ABOUT THIS EXERCISE: Begin at the line containing "李瑞先指出研究生复试全面考察" and copy exactly through the last line of the listing, skipping every picture.

GIVEN INFORMATION:
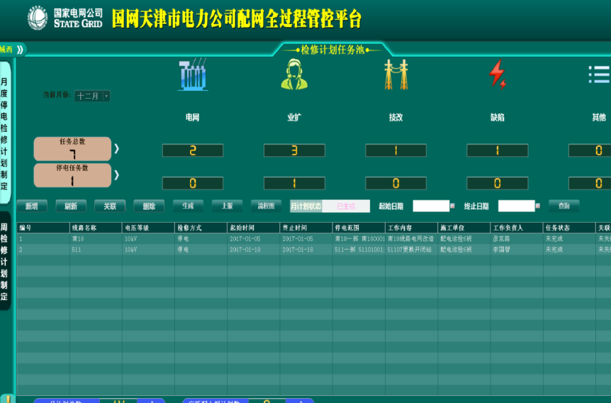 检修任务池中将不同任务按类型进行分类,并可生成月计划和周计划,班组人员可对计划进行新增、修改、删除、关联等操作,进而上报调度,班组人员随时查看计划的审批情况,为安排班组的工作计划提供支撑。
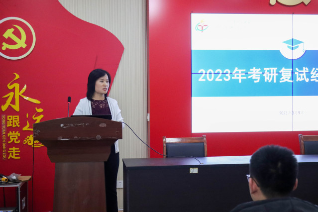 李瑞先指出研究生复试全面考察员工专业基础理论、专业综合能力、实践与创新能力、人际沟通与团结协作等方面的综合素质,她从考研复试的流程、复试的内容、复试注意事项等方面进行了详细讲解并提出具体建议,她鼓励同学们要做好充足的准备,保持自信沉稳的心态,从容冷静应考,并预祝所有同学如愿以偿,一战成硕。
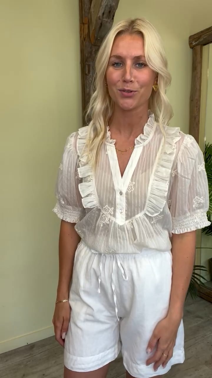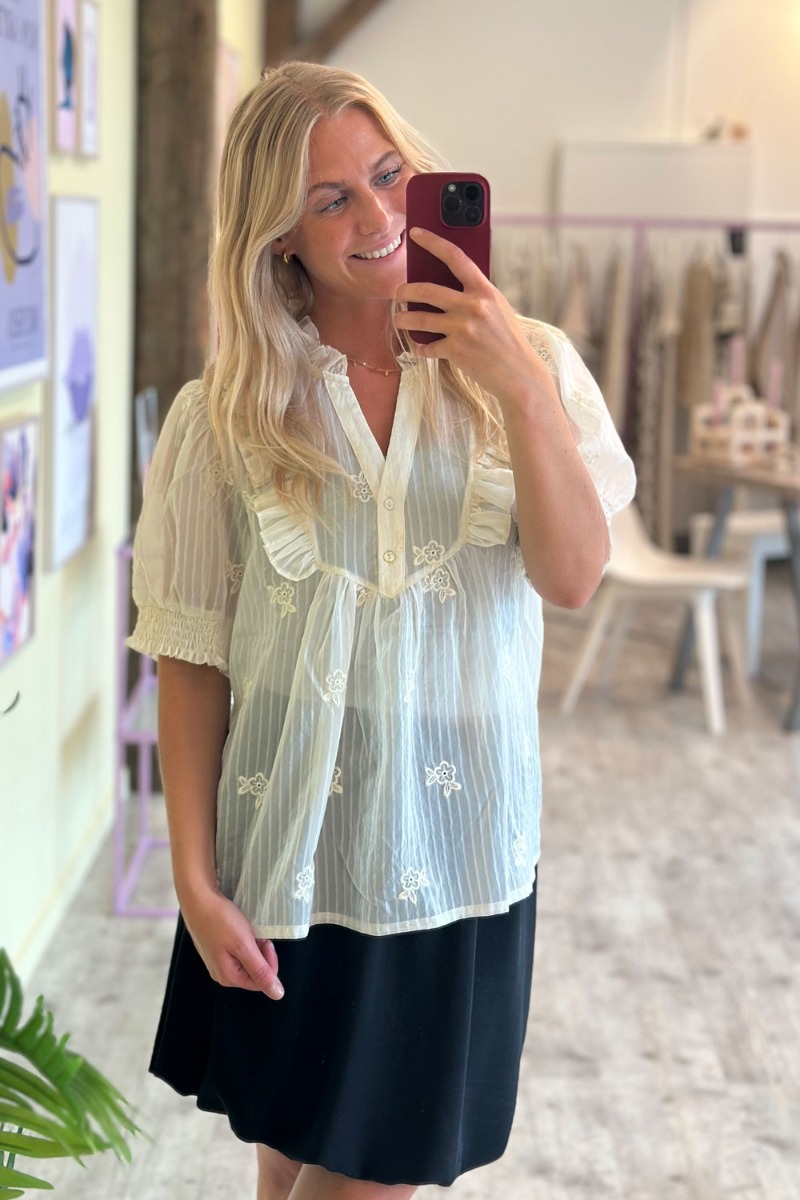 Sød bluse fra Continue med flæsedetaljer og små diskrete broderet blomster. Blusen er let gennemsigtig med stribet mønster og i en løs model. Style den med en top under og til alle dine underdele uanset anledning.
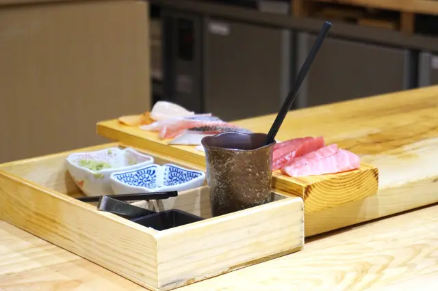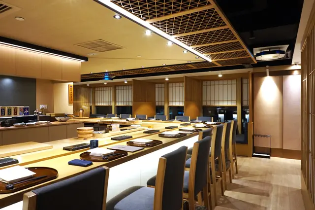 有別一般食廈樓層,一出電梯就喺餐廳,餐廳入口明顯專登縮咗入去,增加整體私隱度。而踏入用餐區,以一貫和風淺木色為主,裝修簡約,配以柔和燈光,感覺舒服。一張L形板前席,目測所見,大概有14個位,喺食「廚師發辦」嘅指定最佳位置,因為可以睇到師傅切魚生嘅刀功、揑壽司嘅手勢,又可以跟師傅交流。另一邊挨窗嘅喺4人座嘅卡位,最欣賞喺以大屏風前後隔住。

RESPONSE TO THE TASK:
 李瑞先指出研究生复试全面考察员工专业基础理论、专业综合能力、实践与创新能力、人际沟通与团结协作等方面的综合素质,她从考研复试的流程、复试的内容、复试注意事项等方面进行了详细讲解并提出具体建议,她鼓励同学们要做好充足的准备,保持自信沉稳的心态,从容冷静应考,并预祝所有同学如愿以偿,一战成硕。
 Sød bluse fra Continue med flæsedetaljer og små diskrete broderet blomster. Blusen er let gennemsigtig med stribet mønster og i en løs model. Style den med en top under og til alle dine underdele uanset anledning.
 有別一般食廈樓層,一出電梯就喺餐廳,餐廳入口明顯專登縮咗入去,增加整體私隱度。而踏入用餐區,以一貫和風淺木色為主,裝修簡約,配以柔和燈光,感覺舒服。一張L形板前席,目測所見,大概有14個位,喺食「廚師發辦」嘅指定最佳位置,因為可以睇到師傅切魚生嘅刀功、揑壽司嘅手勢,又可以跟師傅交流。另一邊挨窗嘅喺4人座嘅卡位,最欣賞喺以大屏風前後隔住。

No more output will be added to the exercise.